I find it rather weird that mathematics is usually thought to people on a historical basis. It’s likely possible for a 4th century Alexandrian mathematician to teach it in a modern primary school and get decent results. An 18th century Venetian tutor could carry the curriculum all the way up to high school. I’ll grant they might need a week or two to brush up on sets and some modern notation.
On the other hand, Darwin or Huxley would most get fired within the week if they tried to teach high school biology. The great Aristotle would be unable to introduce a 1st grader to any of the sciences; Despite his works in the precursors of modern science remaining foundational more than a millennium after his death.

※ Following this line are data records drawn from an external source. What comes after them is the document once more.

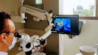 Tratamento de canal com Microscópio e Laser. Normalmente em sessão única.
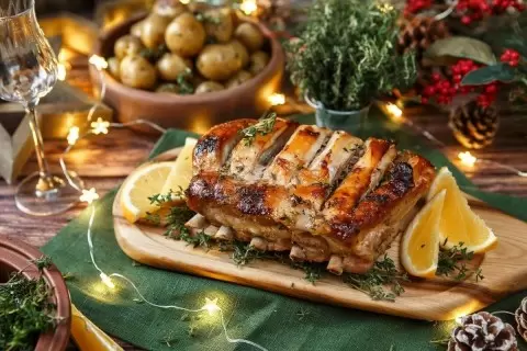 Подготовьте маринад: смешайте 100 мл растительного масла, молотый черный перец, измельченный чеснок, чесночную соль и сок одного апельсина. Все тщательно перемешайте и добавьте листья тимьяна для ароматизации.На корейке сделайте небольшие надрезы, обильно полейте маринадом и втирайте его в мясо. Оставьте мариноваться минимум на два часа.Для глазури соедините 2 ст. л. меда, сок одного лимона и 100 мл растительного масла. Тщательно перемешайте.Оберните корейку в фольгу и запекайте в разогретой до 180 градусов духовке в течение одного часа. Затем приоткройте фольгу и продолжайте запекать еще 60 минут, смазывая глазурью каждые 15 минут.Приготовьте гарнир: отварите картофель до частичной готовности (примерно 10-15 минут). На сковороде растопите сливочное масло и обжарьте картофель до золотистой корочки. По желанию добавьте чесночной соли и листья тимьяна.
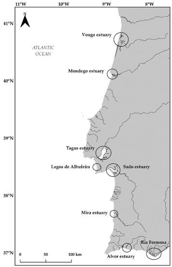 The Sado estuary, comprised between the Lisbon and Tagus Valley and Alentejo regions, has been a natural reserve since 1980, extending for about 24,000 ha, being the second largest estuary in Portugal. Most of its area corresponds to the natural reserve (about 23,160 ha), still, the estuary is subjected to many anthropogenic pressures along its margins and thereabouts, namely several industries (especially on the northern margin), including paper, fertilizers, yeast, food and naval industries, the Setúbal harbour and related activities, the city of Setúbal and copper mines by which the Sado river runs through. Furthermore, the rice fields along the estuary’s margins contribute to the input of pollutants and nutrients to the system. Despite all the pressures stated, the Sado estuary is still very suitable for salt and aquaculture productions [,].
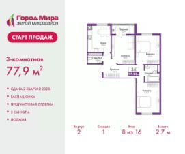 Цена посчитана с учётом скидки 3% при полной оплате или ипотеке. Звоните, наши менеджеры вам все расскажут. Продается 3-комн. квартира с предчистовой отделкой в ЖМ ''Город Мира'' на 8 этаже. Общая площадь: 77.9 кв.м., жилая: 41.28 кв.м., площадь просторной кухни-столовой: 12.04 кв.м. Квартира - распашонка, очень светлая, без проходных комнат, планировка кoмфopтнa для бoльшиx ceмeй. В квартире одна лоджия, один совмещенный и один раздельный санузел. Высота потолков 2.7 м. ''Город Мира'' это масштабный жилой комплекс, созданный для тех, кто ценит комфорт, безопасность и гармонию с природой. Здесь продумана каждая деталь от удобной инфраструктуры до эргономичных планировок квартир. ''Город Мира'' победил в номинации ''Лучший экологический проект года в сфере строительства'' по версии премии Сrimеа Urbаn Аwаrds. Способы приобретения недвижимости в ''Городе Мира'':1. Ипотека: семейная от 5,5%, военная, IT-ипотека, базовая ипотечная программа и комбо-ипотека. Одобрение заявки проходит сразу в отделе продаж. 2. Материнский капитал на первый взнос.3. Рассрочка от застройщика - до июня 2028 года! Первоначальный взнос от 30%.4. Военная ипотека. Участники НИС могут приобрести квартиры по спец.цене. Ключевые преимущества комплекса:удачное расположение зеленый район с благоприятным микроклиматомпродуманное зонирование жилые кварталы, зоны отдыха и коммерческие объектыкомфорт-класс высокое качество строительства и современные инженерные решения Почему дом повышенной комфортности 2 в ''Городе Мира'' это лучшее решение? Образование и досуг: 2 детских сада (по 260 мест каждый) планируется строительство общеобразовательной школы детские и спортивные площадки в каждом дворе беседки для отдыха, зоны для выгула собак Ритейл и сервис: магазины, аптеки, медицинские центры фитнес-клубы, салоны красоты детские развивающие центры Парковки: гостевые парковки наземные и подземные паркинги Квартиры с продуманным комфортом: просторные планировки с кладовыми и колясочными лоджии с остеклением лапомойки для питомцев на первых этажах домов индивидуальное отопление выполнена стяжка пола и штукатурка стен консьерж-сервис для дополнительного удобства Благоустройство территории: ландшафтный дизайн с зонами отдыха современные детские площадки стильные холлы с дизайнерской отделкой система видеонаблюдения для безопасности ''Город Мира'' это место, где созданы все условия для комфортной жизни. Выбирайте качество и продуманность в каждой детали! Квартира находится во доме повышенной комфортности 2, 4-я очередь. Дом монолитно-каркасный, одноподъездный, высотой 16 этажей. В подъезде 1 пассажирский и 1 грузовой лифт. Окончание строительства - 2 квартал 2028 года. Оформление сделки по договору долевого участия. Квартира находится в корпусе 2. Дом монолитный, одноподъездный, высотой 16 этажей. На этаже 7 квартир. В подъезде 1 пассажирский и 1 грузовой лифт. Окончание строительства - 2 квартал 2028 года. Оформление сделки по догово
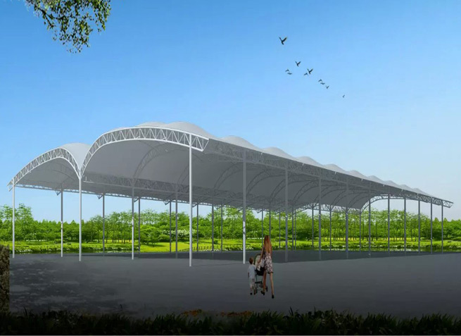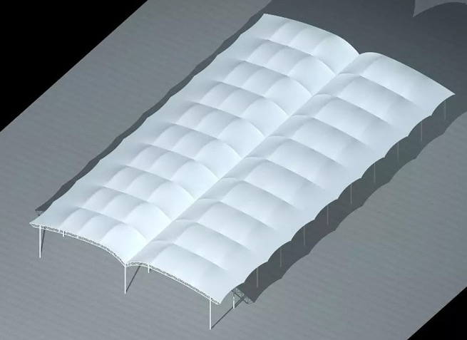 膜材采用PVDF國產(chǎn)或者進(jìn)口建筑膜材、PTFE玻璃纖維建筑膜材、ETFE透明的永久性建筑膜材;自動放樣裁剪,高頻焊接,拉伸效果超強(qiáng),曲線成型可千變?nèi)f化;膜材質(zhì)保一般可達(dá)15-20年。
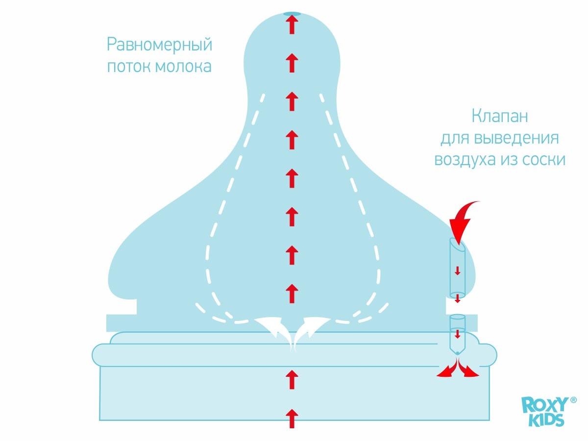 Антиколиковый клапан предотвращает чрезмерное заглатывание воздуха и возникновение колик.
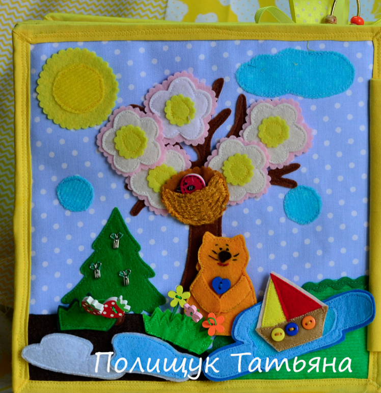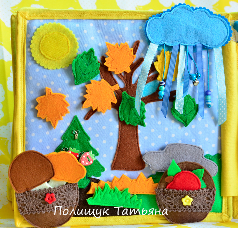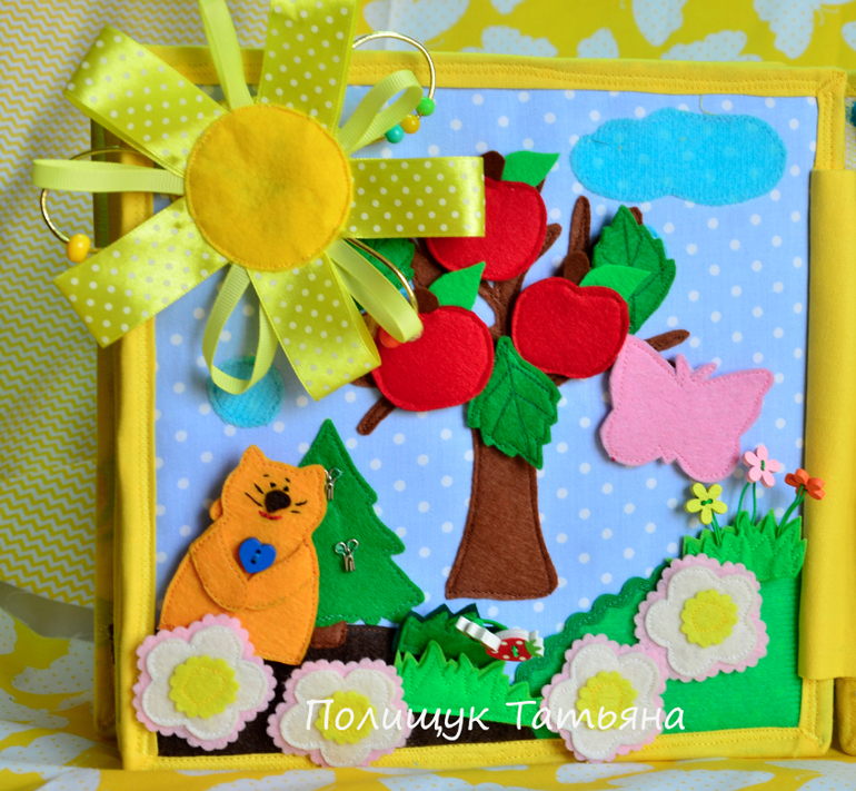 Много фото Книжка развивает мелкую моторику, внимание, сообразительность, логическое мышление, тренирует усидчивость, также на последнем развороте этой книги можно познакомить малыша с временами года(зима, весна, лето, осень) Главным героем этой книги есть рыжий кот, он одевается на пальчик, и можно разыграть разные сценки с его участием

Mathematical knowledge retains validity over time to a great extent. When it seldom become irrelevant or poorly formulated, it’s nonetheless still valid.
The obvious hypothesis as to why this is true is that mathematics is rather “pure” compared to many/all other fields.

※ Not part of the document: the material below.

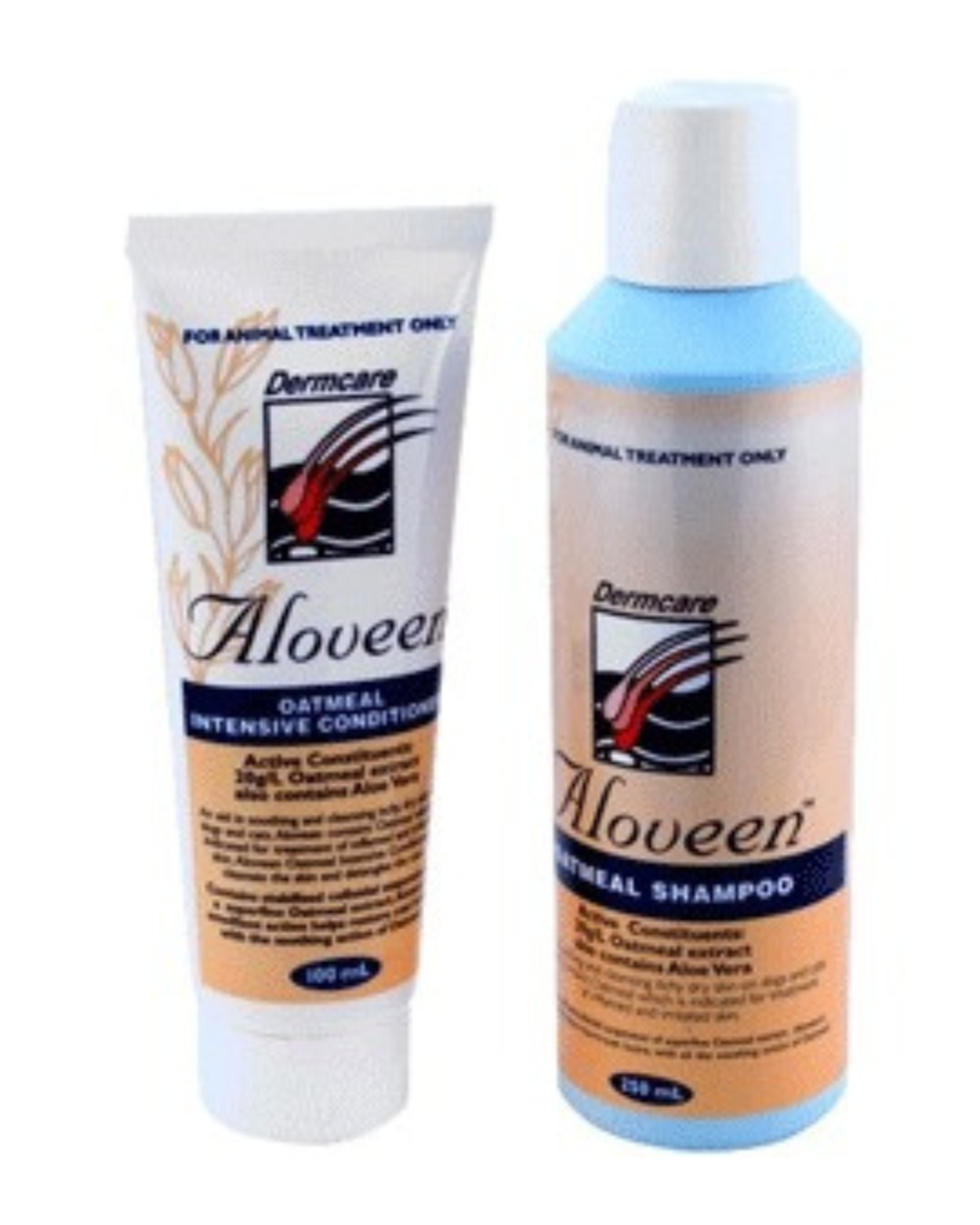 The Aloveen Starter Pack is ideal for those pets who suffer from dry and itchy skin. It contains a gentle cleansing shampoo which removes dirt, chemicals and allergens from the coat without irritating the skin. The shampoo also contains superfine colloidal oatmeal and aloe vera which soothes the skin. The Aloveen Oatmeal Conditioner is a unique, concentrated residual conditioner, specifically designed as a leave on product for deeper conditioning, and to prolong the soothing effects of the Aloveen Oatmeal Shampoo.

That’s boring, I’ve come up with a second, more interesting and much more scandalous hypothesis.
Mathematical abstractions are very leaky
In case the terms is unfamiliar to you, a leaky abstraction is an abstraction that leaks the details that it’s supposed to abstract away.
Take something like sigma summation (∑), at first glance it look like an abstraction, but it’s too leaky to be a good one. Why is it leaky ? Because all the concept it “abstracts” over need to be understood in order to use the sigma summation. You need to “understand” operations, operators, numbers, ranges, limits and series.
For another example take integrals (∫), where the argument for leakiness can be succinctly state. To master the abstraction one needs to understand all of calculus and all that is foundational to calculus (also known as “all of math” until 60 years ago or so).
A leaky abstraction is the rule rather than the norm in mathematics. The only popular counterexample that comes to mind are integral transform (think Laplace and Fourier Transforms). Indeed, any mathematician in the audience might scoff at me for using the word “abstraction” for what they think of as shorthand notations.
Why ? Arguably because mathematics has no such thing as an “observation” to abstract over.
Science has the advantage of making observations, it sees that X correlates with Y in some way, then it tries to find a causal relationship between the two via theory (which is essentially an abstraction).
Darwin’s observations about finches were not by any means “wrong”. Heck, most of what Jabir ibn Hayyan found out about the world is probably still correct. What is incorrect or insufficient are the theoretical frameworks they used to explain them.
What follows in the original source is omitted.